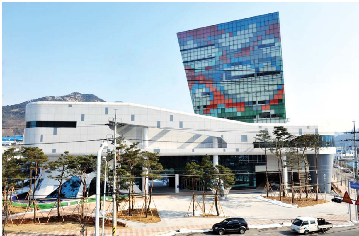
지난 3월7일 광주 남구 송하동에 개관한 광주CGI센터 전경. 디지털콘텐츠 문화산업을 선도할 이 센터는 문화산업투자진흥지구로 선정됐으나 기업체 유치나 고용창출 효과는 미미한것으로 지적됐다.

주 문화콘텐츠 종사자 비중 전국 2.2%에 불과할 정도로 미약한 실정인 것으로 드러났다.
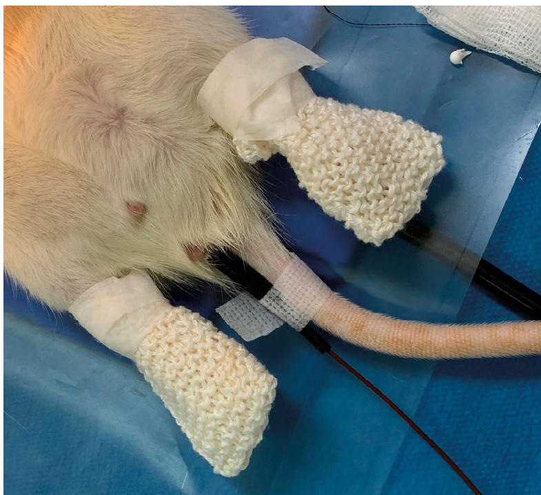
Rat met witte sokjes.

* * *

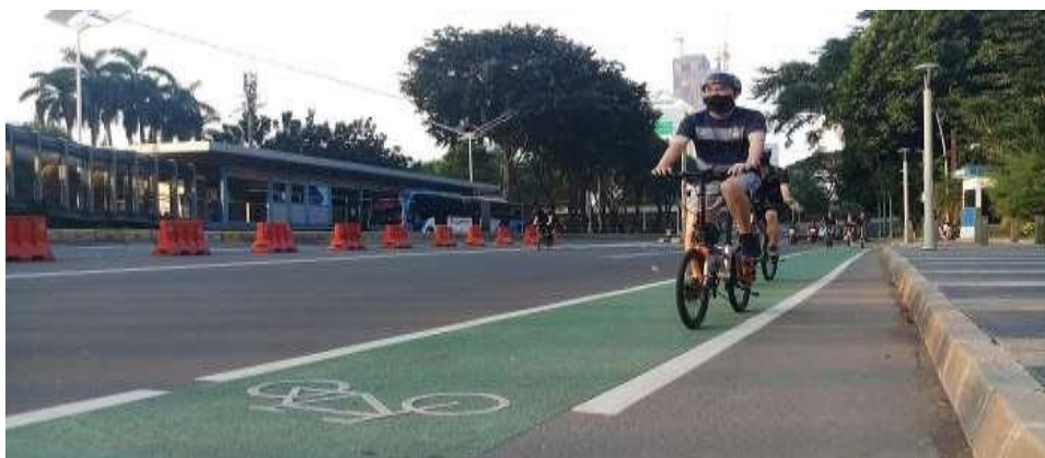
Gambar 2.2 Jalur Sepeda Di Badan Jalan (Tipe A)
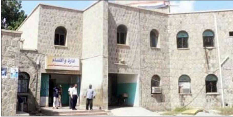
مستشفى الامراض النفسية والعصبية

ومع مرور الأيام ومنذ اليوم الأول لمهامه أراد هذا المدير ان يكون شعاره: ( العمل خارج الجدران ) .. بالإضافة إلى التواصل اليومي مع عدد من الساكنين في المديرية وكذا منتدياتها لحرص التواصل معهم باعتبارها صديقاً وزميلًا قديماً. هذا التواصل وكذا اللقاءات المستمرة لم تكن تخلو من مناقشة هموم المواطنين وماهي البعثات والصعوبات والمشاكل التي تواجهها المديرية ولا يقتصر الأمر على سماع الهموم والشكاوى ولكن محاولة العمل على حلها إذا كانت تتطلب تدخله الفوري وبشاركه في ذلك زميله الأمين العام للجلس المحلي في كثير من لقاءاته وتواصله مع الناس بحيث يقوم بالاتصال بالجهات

▶ **Task prompt**
Give again, exactly as written above, every line from the one holding "지난 3월7일 광주 남구" to the one holding "Rat met witte sokjes.", with both ends kept and the pictures left out.

▶ **Result of the task**
지난 3월7일 광주 남구 송하동에 개관한 광주CGI센터 전경. 디지털콘텐츠 문화산업을 선도할 이 센터는 문화산업투자진흥지구로 선정됐으나 기업체 유치나 고용창출 효과는 미미한것으로 지적됐다.

주 문화콘텐츠 종사자 비중 전국 2.2%에 불과할 정도로 미약한 실정인 것으로 드러났다.
Rat met witte sokjes.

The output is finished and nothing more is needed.